E pareva proprio che fosse così. I due che aveva seguito avevano incontrato una ventina di nani.
Rannicchiato nell’ombra, Tas li sentì vociare tutti eccitati, e si aspettò di vederseli arrivare addosso con passo cadenzato da un momento all’altro... ma non successe nulla.
Aspettò, ascoltando la conversazione. Poi, rischiando una sbirciata, vide che alcuni dei nani presenti non avevano l’aspetto dei Dewar. Erano puliti, con la barba pettinata, ed erano rivestiti di armature sfavillanti. E non apparivano soddisfatti. Fissavano trucemente uno dei Dewar, come se avessero voluto scuoiarlo vivo.
«Nani delle montagne!» borbottò Tas fra sé, in preda allo stupore, riconoscendo le armature. «E da quello che Raistlin ha detto, sono il nemico. Il che significa che dovrebbero essere nella loro montagna, non nella nostra. Sempre che noi siamo in una montagna, naturalmente, cosa che comincio a considerare probabile, a giudicare dall’aspetto. Ma, mi chiedo...»
Quando uno dei nani della montagna cominciò a parlare, Tas s’illuminò. «Finalmente qualcuno che si fa capire!» Il kender sospirò di sollievo. A causa della mescolanza delle razze, il nano stava parlando una rozza mescolanza di comune e nanesco.

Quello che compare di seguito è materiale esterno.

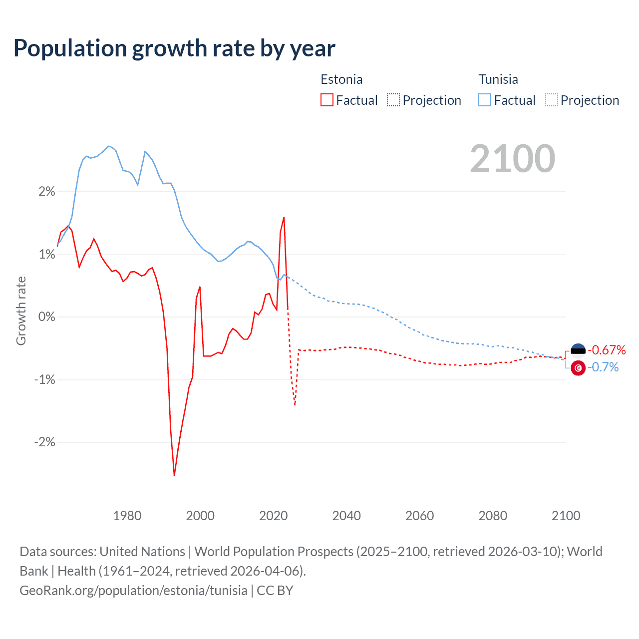 - For the last 10 years, Estonia has had an average growth rate of +0.37% per year vs +0.89% in Tunisia.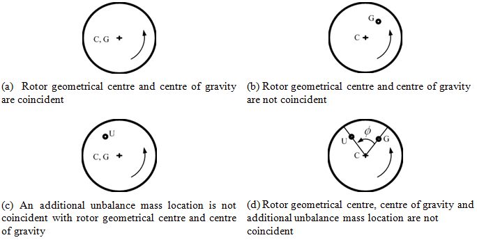 where m is the mass of the rotor, ω is the spin speed of the rotor, e is the eccentricity of the rotor (i.e., e = CG, see see Figure 2.2(b)) and the product me is normally called the unbalance. The above unbalance force will come when the rotor is eccentric, i.e., the rotor center of rotation and the center of gravity are not coincident. This type of unbalance is called the residual or inherent unbalance.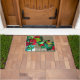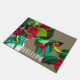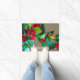 Een welkomstmat van bloemenfeest met Camellia bloeit origineel waterverf kunstwerk van kunstenaar Sacha Grossel tegen een aardse, aanpasbare gekleurde achtergrond met welkomstbord. Een huiselijke, lieve welkomstdeurmat perfect voor uw huis.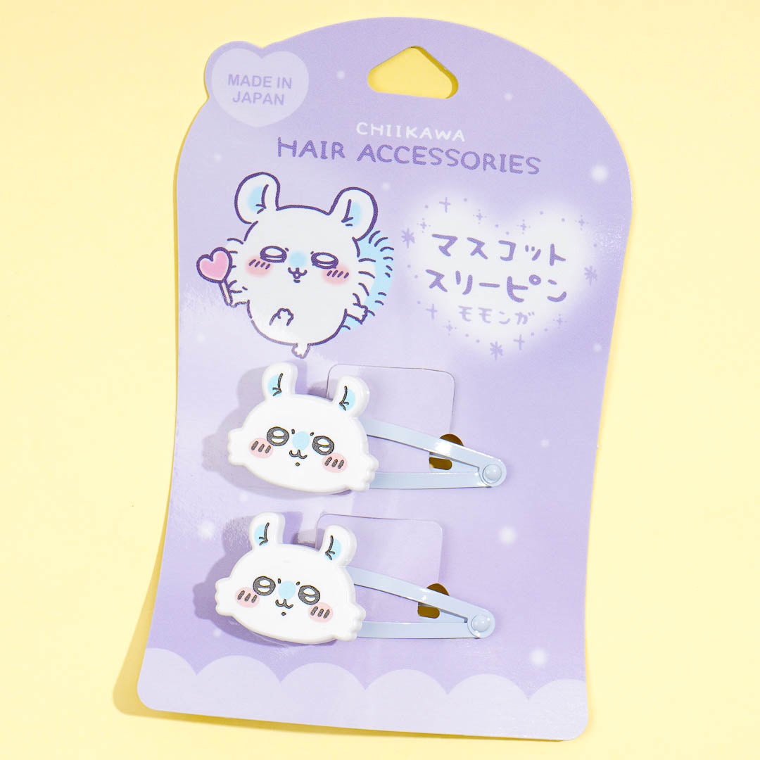 Keep your bangs away from your face with this super cute set of clips. These metal barrettes showcase Momonga from the popular series, Chiikawa!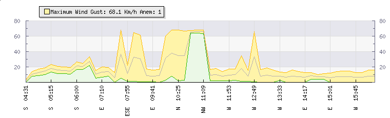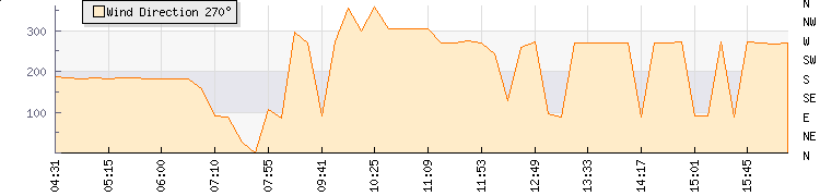 In the last few minutes the wind was Westerly at an average speed of 7 kmh, reaching up to 14 kmh and a low of 0 kmh. The gust strength is14 kmh above the minimum speed |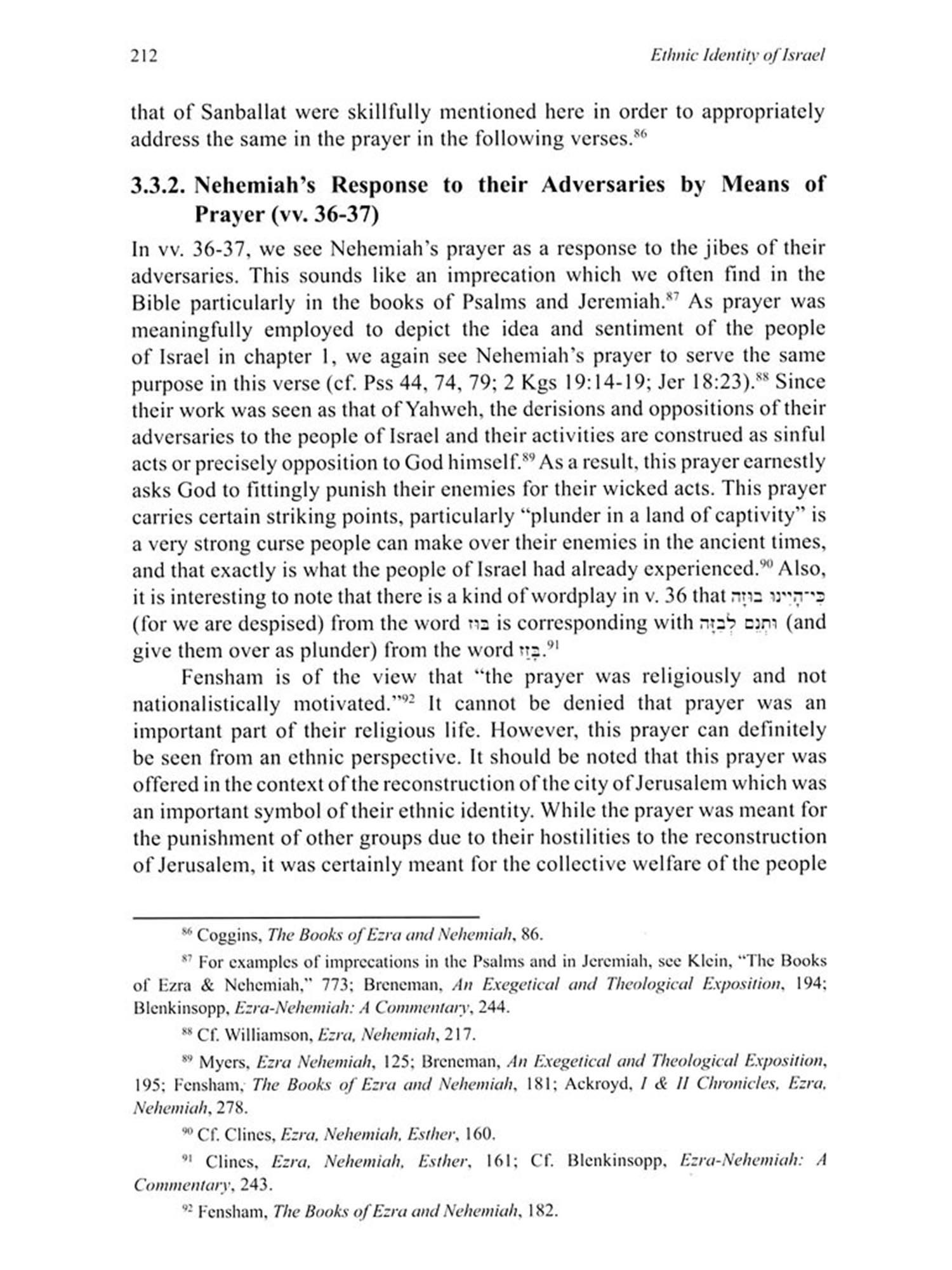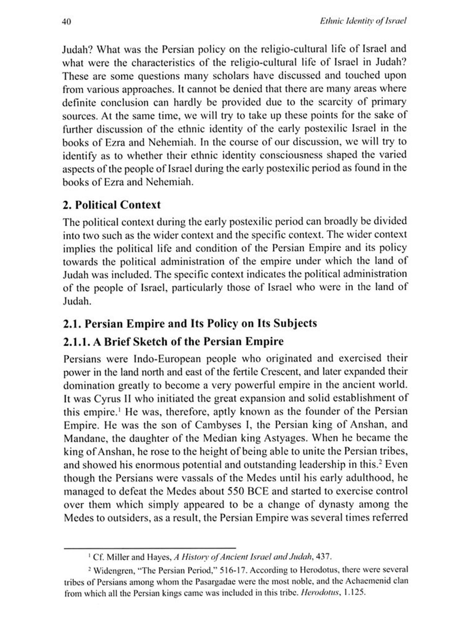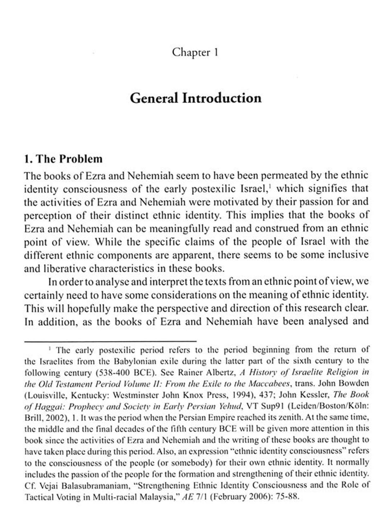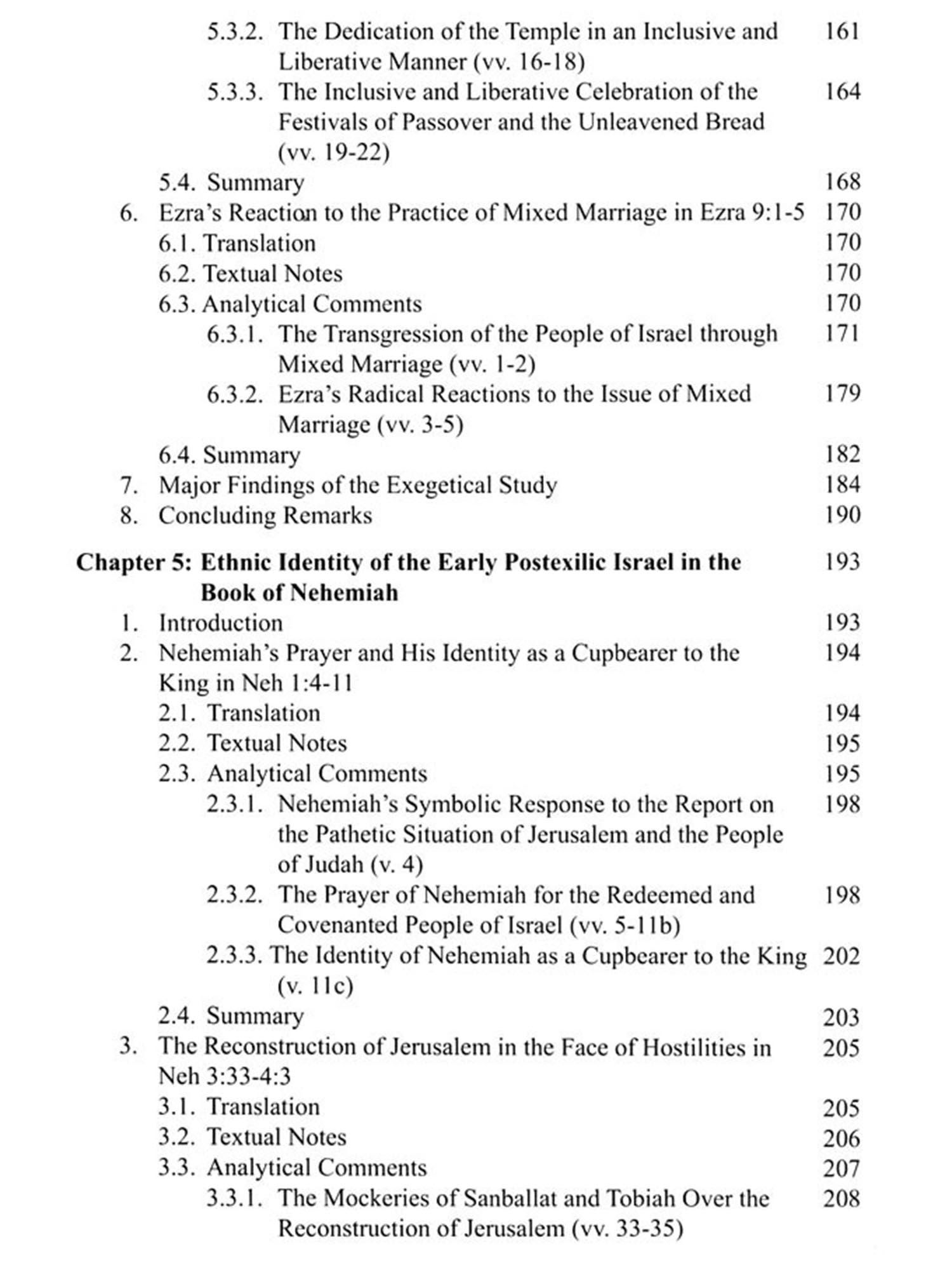 This book is a study of the different issues in the books of Ezra and Nehemiah from the perspective of ethno-symbolism. There is a view that the issues embedded in these books were chiefly shaped by the political factors of the given period, whereas some would think that the socio-economic or religious factors mainly moulded the different issues in these books. Without denying the roles of the mentioned factors, this book takes the ethnic identity consciousness of the early postexilic Israel as the main factor that chiefly shaped the life of the people of Israel and the whole process of the composition of the books of Ezra and Nehemiah. It is observed that the accessible resources in the political, socio-economic and religio-cultural life were selectively, situationally and subjectively utilized to form and stabilize the ethnic identity of the early postexilic Israel. It is also maintained that while the different issues were employed specifically in moulding the people of Israel, there are certain inclusive and liberative aspects that shaped these books and their narratives.

Il succo della conversazione, da quello che Tas riuscì a seguire, era che al nano della montagna non importava una pietra crepata dello stregone matto o di un kender errabondo infestato dalla peste.
«Siamo venuti qui per prendere la testa del generale Caramon,» ringhiò il nano delle montagne.
«Hai detto che lo stregone ha promesso di organizzare la cosa. Bene, allora, adesso tocca a noi. E, comunque, preferisco fare a meno di trattare con una Veste Nera. E adesso rispondi a questo, Argat. I tuoi sono pronti ad attaccare l’esercito dall’interno? Siete pronti a uccidere questo generale? Oppure era soltanto un trucco? Se è così, scoprirete che si ripercuoterà duramente sul vostro popolo a Thorbardin!»